In addition to Solution 1
- Picking up on your statement
Quote:
May data will grow according to time
There is an article at sqlservercentral that discusses the performance of various
string splitting alternatives[
^]
- Picking up on Maciej spotting the full stop in the sentence this
post[
^] suggests a nice method of getting rid of all not alpha characters
- I frequently use the following function to split data as it is reasonably peformant - Note it's not my own work and unfortunately I can't find the original at the moment(if I do, or someone else does then I will accredit the work here)

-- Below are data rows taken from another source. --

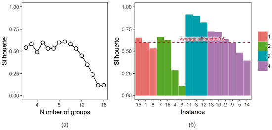 Example of the silhouette index of each cluster conducted in the study: (a) evolution of the average silhouette with variations of the number of groups; and (b) distribution of the silhouette in each town.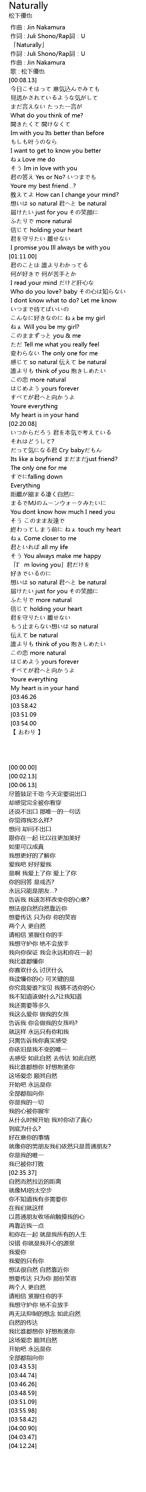 | [00:00.00] | 「Naturally」 |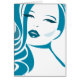 Agradable tema retro de chicas en tonos azul cian y blanco. Una mujer hermosa y sensual cara y cuello. Dibujo divertido, retro.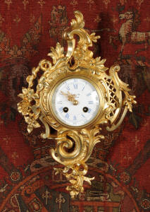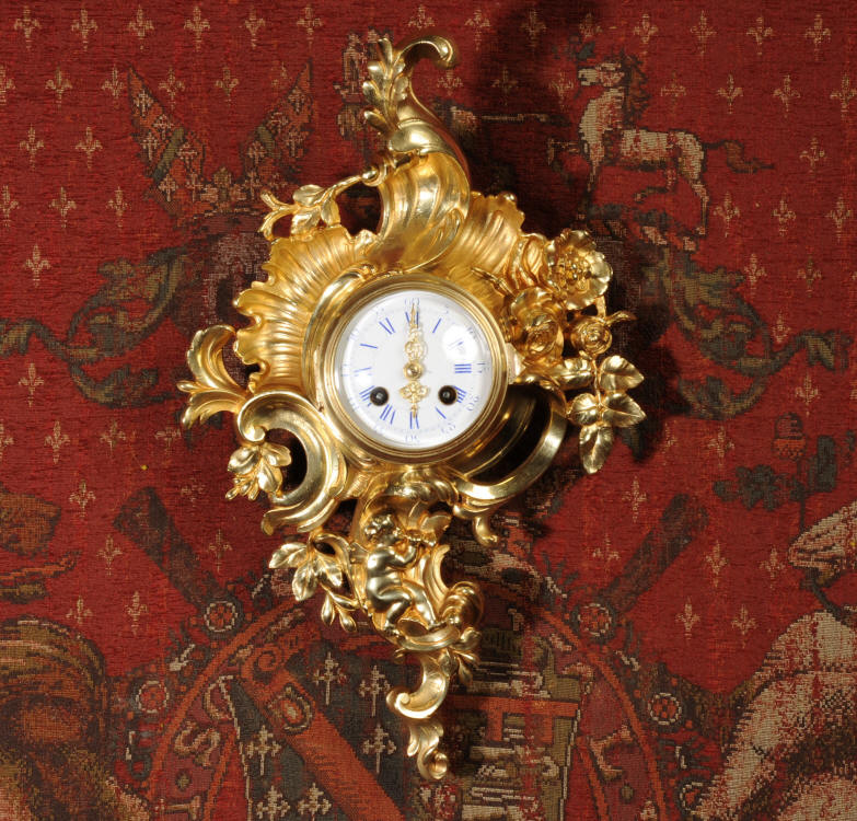 Japy Freres Rococo Cartel Clock~ French - Circa 1880 ~ ~~ Excellent condition, fully overhauled ~~ A beautiful original antique French Rococo cartel wall clock by Japy Freres. It is a delicate, asymmetric design. To one side a deeply scalloped shell and 'C' scroll to the other a beautifully depicted floral arrangement. Beneath the dial is a winged cherub playing a tune with cymbals at his feet. Behind the cherub, the pendulum can be seen swinging gently. ......Click here for full details! |
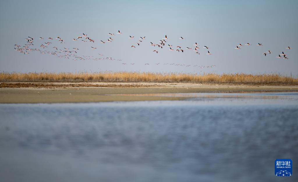 3月10日,在哈萨克斯坦曼格斯套州阿克套市郊,火烈鸟在卡拉科尔湖飞翔。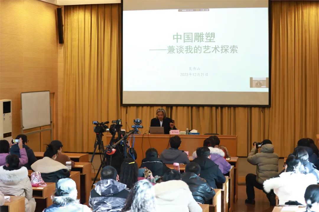 2023年12月21日,全国政协副秘书长、民盟中央副主席、中国美术馆馆长吴为山受邀来到中国国家画院,以“中国雕塑——兼谈我的艺术探索”为主题上了一堂生动的公共课。参加本次公共课的有中国国家画院党委书记燕东升、中国国家画院副院长徐涟,中国国家画院教学培训部主任邱雷及部门全体职工,以及中国美术馆部分青年职工代表等。中国国家画院2023年访问学者、高研班和2023年文化和旅游部全国画院中青年创作骨干研修班的学员通过现场和线上直播的方式聆听课程。本次公共课由燕东升主持。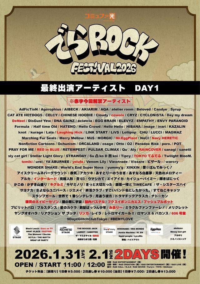 RAD CREATION & RAD ENTERTAINMENT presents「でらロックフェスティバル 2026」名古屋編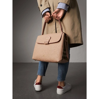 Burberry Medium Grainy Leather And House Check Tote Bag In Pale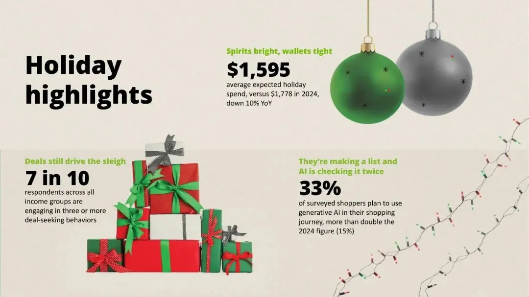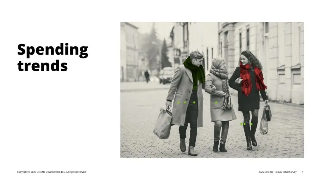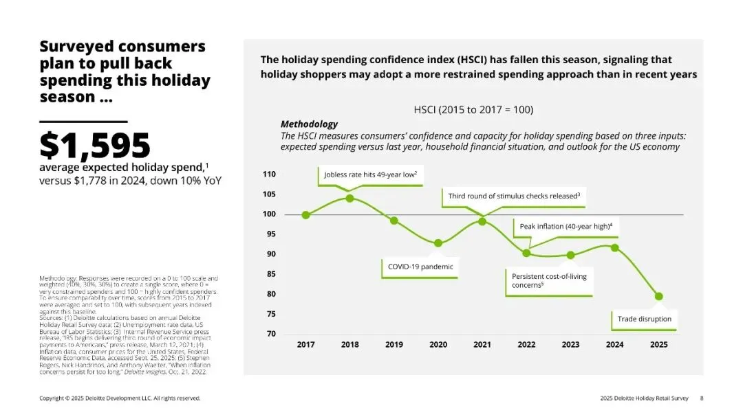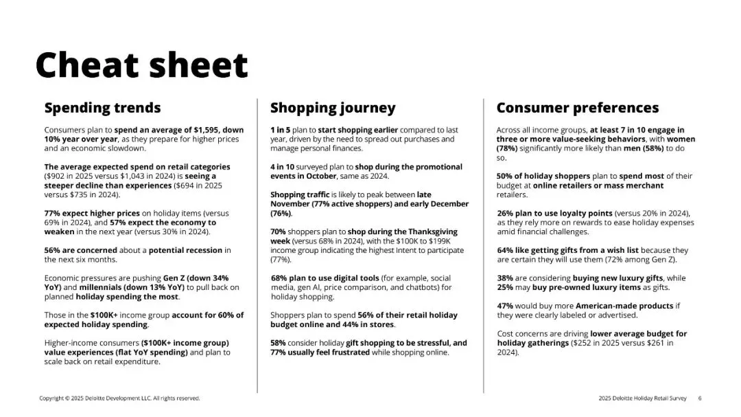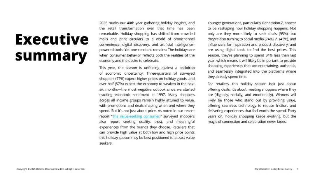 德勤第40份年度假日零售调查基于4,270名美国消费者样本,显示2025年假季总预算降至人均1,595美元(-10% YoY),创2008以来最大降幅。77%预计节日商品涨价,57%看衰2026年经济,为1997年追踪以来最悲观。消费者在“想庆祝”与“钱包紧”之间寻找平衡:促销仍是第一触发点,但品质、体验与情绪价值成为差异化关键;线上、AI、社媒加速渗透,Gen Z人均支出骤降34%,却带动33%受访者计划使用生成式AI购物,比例较去年翻番。零售商唯有在“全渠道低价+低摩擦体验+情感共鸣”三点同时得分,方能撬动有限预算。

CREATE FUNCTION [dbo].[fnSplitString]
(
@string NVARCHAR(MAX),
@delimiter CHAR(1)
)
RETURNS @output TABLE(splitdata NVARCHAR(MAX)
)
BEGIN
DECLARE @start INT, @end INT
SELECT @start = 1, @end = CHARINDEX(@delimiter, @string)
WHILE @start < LEN(@string) + 1 BEGIN
IF @end = 0
SET @end = LEN(@string) + 1
INSERT INTO @output (splitdata)
VALUES(SUBSTRING(@string, @start, @end - @start))
SET @start = @end + 1
SET @end = CHARINDEX(@delimiter, @string, @start)
END
RETURN
END
- I went down the route of using temporary tables which might not be best for large data tables. I'm including my efforts here only to demonstrate the calls to the functions I've suggested (It also demonstrates an alternative to using CURSOR if you ever get tempted down that route)
create table #temp
(
rownum int,
datacol varchar(max)
) ON [PRIMARY]
insert into #temp
SELECT rownum = ROW_NUMBER() OVER (order by id), datacol
from topwords
DECLARE @wordlist table (word varchar(max))
declare @maxi int
SELECT @maxi = COUNT(*) FROM topwords
DECLARE @loopCount int = 1
DECLARE @txt varchar(max)
WHILE @loopCount <= @maxi
BEGIN
SELECT @txt = datacol from #temp1 WHERE rownum = @loopCount
INSERT INTO @wordlist SELECT [dbo].fnRemoveNonAlpha(splitdata) FROM [dbo].fnSplitString(@txt,' ')
SET @loopCount = @loopCount + 1
END
select word, count(*) from @wordlist
group by word
order by count(*) desc